Say R Raghavendra Rao, managing director, Orchid Chemicals and Pharmaceuticals Ltd: Indian pharma companies have some fundamental strengths to emerge as MNCs in the global space. First, we are very strong in chemistry, R&D and clinical trials. We can leverage these strengths to manufacture products which are becoming generic both in bulk as well as dosage form on a global scale and be competitive. Some are already doing this and Orchid will also follow suit. Further, India is very strong in clinical and basic research. This stems from the low cost advantage we enjoy.

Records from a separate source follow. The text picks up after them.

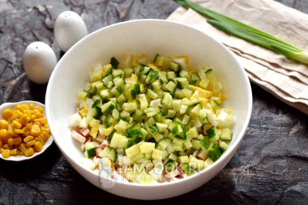 Яйца отварите «вкрутую», очистите, нарежьте кубиком. Свежий огурец также нарубите небольшими кубиками. Подготовленные компоненты сгрузите в миску.
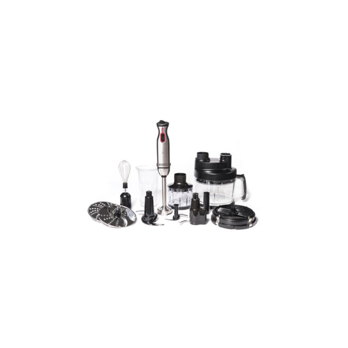 Блендерный набор EISEN EBSS-0110B — ваш незаменимый и универсальный помощник на кухне. Смешивайте, взбивайте и измельчайте ингредиенты до однородного состояния за считанные секунды. Модель обладает мощностью 1000 Вт, функцией защиты от перегрева и двумя скоростными режимами работы: «Turbo» — режим максимальной мощности и основной, с плавным регулированием скорости.
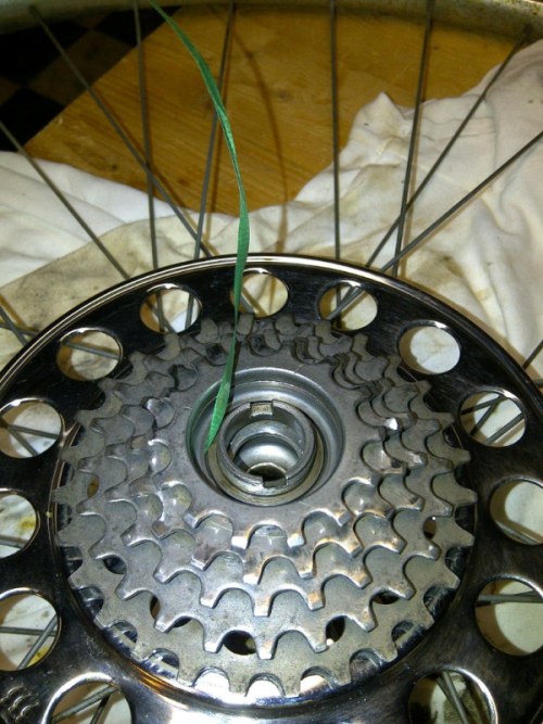 I took apart the rear wheel of a woman's ten speed bike I dug out of the neighbors' trash. I'm trying to fix it up real nice for my wife so she'll want to join the kids and I riding bikes. This is an old Sears Ted Williams Free Spirit woman's bike, made by Puch in Austria about 35 years ago. It's dirty, but it's kind of nice. You could hear lots of nasty grit in the bearings of the rear wheel and cassette. So I took it all apart and cleaned it up. I want to put it back together now, but I can't figure out how you get the cassette back on. Attachment 38895 Attachment 38896 The problem is these little pawls that engage the ratchet on the inside of the cassette. You can see in the picture that there are these little wire springs that push the pawls out. The springs are kind of strong. I can get the springs under the pawls, and hold them in place with my fingers, but then my fingers are in the way of putting the cassette, on, so I have to let go, and the pawls and springs pop back open again and are in the way of the cassette going on. There has to be a trick to hold the pawls closed so you can put the cassette back on. The manufacturer had to put it together somehow. Do you know the trick? I was thinking of somehow wrapping dental floss around the whole hub to hold them closed until I get the cassette on and then magically releasing the dental floss and pulling it out once I get the cassette on. But I'm not sure how to make that work. My knot/lashing skills are lacking. Of course, I also will need to put the ball bearings back and hope the grease holds them in place while I'm gingerly putting it all back together again. But at least I understand in theory how to do that part. Should the ball bearings be put on the lip inside the cassette, and the cassette brought up to the wheel from below, or should they be put in the lip on the wheel and the cassette brought down from above? |
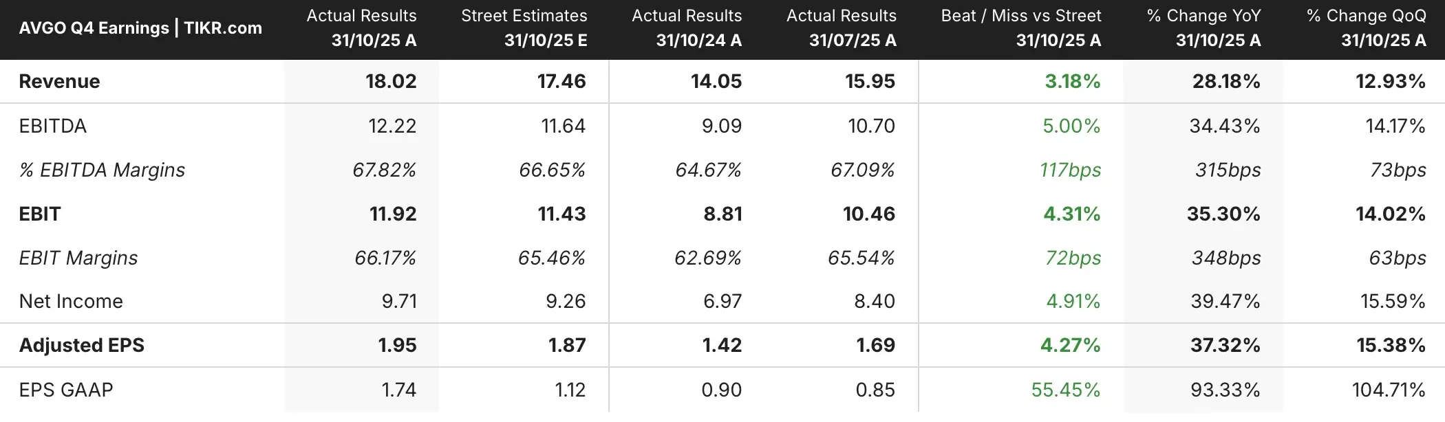 Malgré la baisse des résultats, l'action AVGO reste en hausse de plus de 71 % depuis le début de l'année, la société continuant à capter les dépenses d'IA aux côtés de Nvidia.
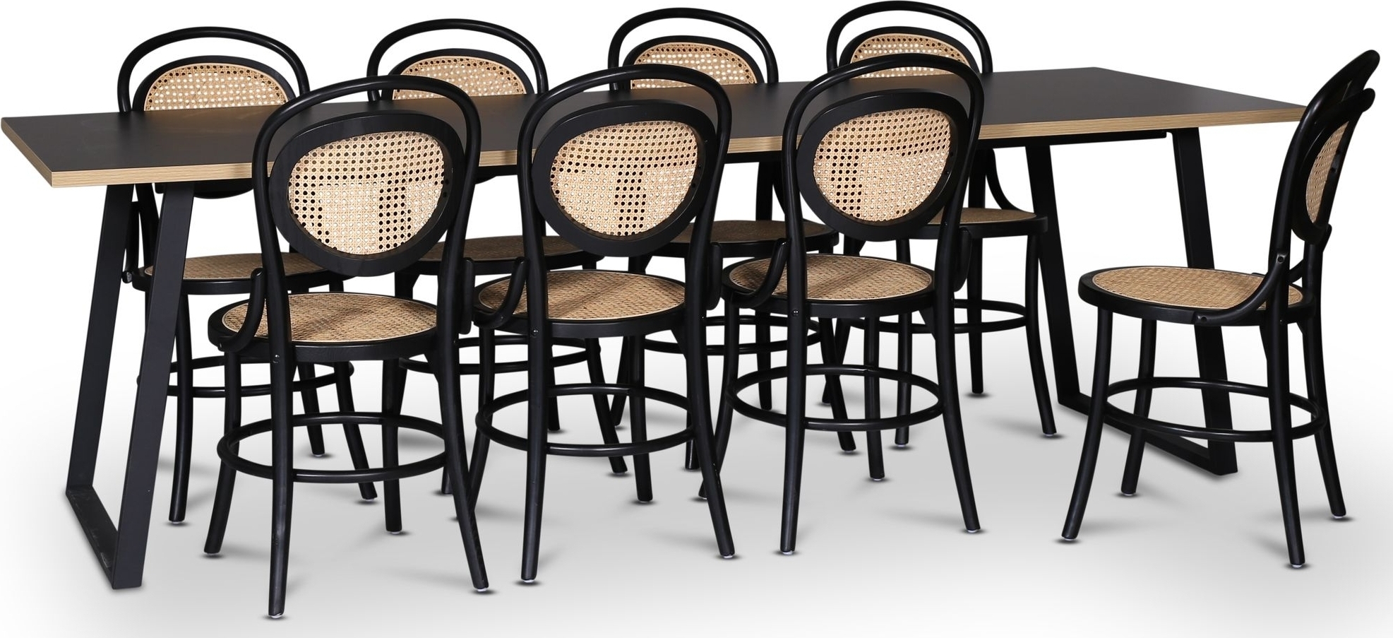 Edge 3.0 matgrupp 240x90 cm inkl 8 st Alicia svarta stolar böjträ - Svart Högtryckslaminat (HPL)

Healthcare is another area here Indian corporates have smelt opportunities outside the country. Apollo Hospitals has set up a super specialty hospital in Sri Lanka recently. Further, the healthcare major is in the process of implementing a mega hospital project for Petronas in Malaysia. The companys overseas strategy is based on managing the hospitals rather than investing in healthcare infrastructure. It is also in talks with several gulf countries for managing state-run hospitals. Says Dr Prathap C Reddy, Chairman, Apollo Hospitals Group: Apollo is looking at the tremendous opportunities in managing hospitals in Afro-Asian region.

The Challenges
But despite the fresh fillip that Indian companies have got in its globalisation drive, there will be a number of issues that they will have to cope with in future. People, cultural issues and increasing opposition from the new markets will be a few of these hurdles. Further, a growing Indian economy both helps and hinders such moves. Being a large domestic market, where products are profitable, there is less incentive to go global. On the other hand, the resource advantages like people give a comparative advantage to compete in the world markets. Increasingly in future, there will be the balance that Indian companies will need to make. Finally, there could also be threats from the foreign multinationals themselves. Sums up M B Athreya, The big foreign MNCs are just beginning to be concerned. The Indian growth story will both attract and worry them. In many sectors, a few companies are potential MNCs.